If $upeg exists on DEXs, CEXs, and NFT trading markets, being both a coin and an image, what kind of impact will different liquidity sources and different trading methods (spot, contract, LP, or buying images) have on its supply form?


This is a kind of attention shift that no graphic coin project in recent years has ever achieved.


Now let's look at $sato. Its core imagination is not "made a bonding curve using Uniswap v4 hook," but it accurately grasped why would it be appealing to do a bonding curve on the ETH mainnet?


Its correct points are:


Decentralization. This is not another "platform"; it's just a contract dictated by code.


Huge internal circulation. The market cap must reach $1 billion to graduate. Doing this on any chain outside the ETH mainnet would seem like a fantasy. But not on the ETH mainnet because people have the impression of "old money" and "many diamond hands" on this chain. And this impression will deepen as the curve progresses.


No intervention. Once the curve is completed and the token graduates, the contract self-abandons. What comes next, like forming a pool, is left to the community to handle.


A bonding curve is not a new concept, but $sato has presented the most fitting one for the Ethereum mainnet, shifting players' focus from the bonding curve to a "game of belief."


On the other hand, Slonks, despite receiving optimistic remarks such as "incorporating AI concepts" and "the developer is a co-founder of ETHS," I believe its core attraction to retail players is "providing a sufficiently memeable game mechanism."


Slonks' artwork is generated by redeploying CryptoPunks with an on-chain neural network model. Since it is AI-generated, there will inevitably be deviations. The developer considers the chaos manifested by these deviations as a form of art. The less resemblance to the original work, the higher the "slop (low-quality) value."


This value ranges from 0 to 576, as CryptoPunks are 24x24 pixels, with each pixel's deviation representing a slop point. With a total of 10,000 Slonks NFTs, the theoretical maximum slop value is 576*10000 = 5,760,000, which is also the supply cap of $SLOP.

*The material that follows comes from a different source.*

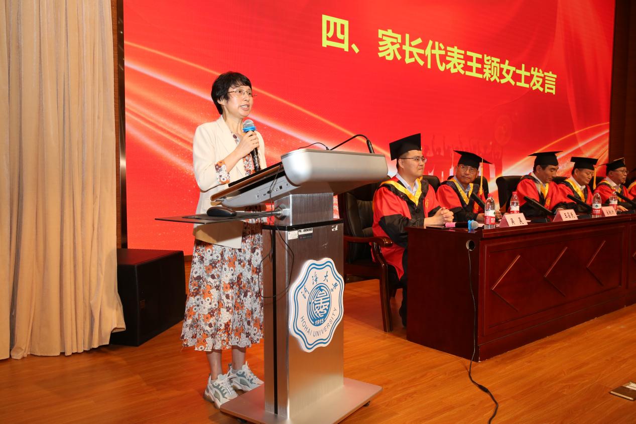 教师代表曹海锦表达了学院教师对毕业生们的眷恋,他寄语毕业生,要牢记海洋知识,掌握学习能力,拥有海洋一般宽广博大的胸怀,要做到海纳百川,并叮嘱毕业生要坚定海洋报国信念,主动扎根基层一线,在海洋强国建设的征程中绽放青春之花。家长代表王颖对91短视频 的辛勤栽培、对学院老师们的谆谆教诲表示感谢,并代表家长嘱咐毕业生:要爱学习,终生学习;要学以致用,勇于探索,敢于创新;要找一个可爱的人谈一场称心如意的恋爱;要始终抱有家国情怀,自觉融入新时代,融入百年未有之大变局。

Holders can either burn an NFT, receiving $SLOP based on the NFT's slop value, merge two Slonks NFTs to obtain a less similar one and redeem more $SLOP, or burn $SLOP to exchange for an AI-recreated NFT with an unknown slop value.


In essence, this is a "game of who has better strategy and luck."


Why the Need for Hook?


So here's the question. Whether it's $upeg, $sato, or Slonks, couldn't they be implemented without the Uniswap v4 hook? Why add an extra layer of hook?

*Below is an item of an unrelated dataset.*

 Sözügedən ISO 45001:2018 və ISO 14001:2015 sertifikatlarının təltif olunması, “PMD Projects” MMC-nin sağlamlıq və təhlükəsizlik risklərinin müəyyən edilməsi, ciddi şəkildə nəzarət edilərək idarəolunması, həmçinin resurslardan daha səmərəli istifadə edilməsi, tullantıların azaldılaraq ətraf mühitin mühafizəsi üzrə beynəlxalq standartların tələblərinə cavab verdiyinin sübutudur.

Indeed, even without the hook, they could exist as standalone projects. However, Uniswap needs these projects to attract a retail player base, and these projects can leverage Uniswap's ecosystem and concepts to thrive further.

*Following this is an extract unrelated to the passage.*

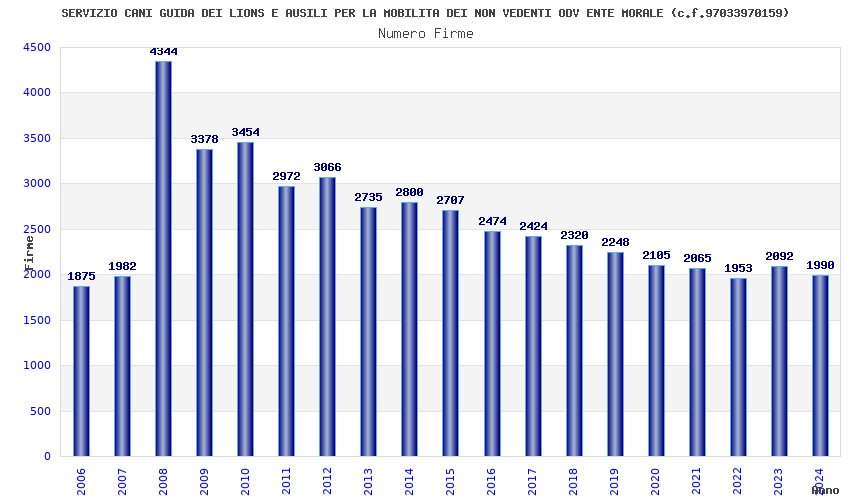 | Anno | Firme | Importi | Media | Naz. | Reg. | Prov. | Comu. |

It's not necessary, but it's indeed a mutually beneficial relationship. If $upeg didn't use a hook in the beginning, it might not have caught the Uniswap team's attention, and this current hook trend narrative might not have existed.


As a retail investor, although the "Uniswap v4 hook" is a concept that everyone understands, we cannot simply dive in at the sight of a "hook." What we need to consider more is whether a project with the "hook" concept has innovative gameplay and a compelling narrative. This will determine how likely a "hook" project is to attract Uniswap's attention and support.


Only when players set high standards for their choices, Uniswap is determined to make itself the application market on Ethereum, and developers are full of creativity, can we truly say that the "Hook" will become the track that opens the bull market.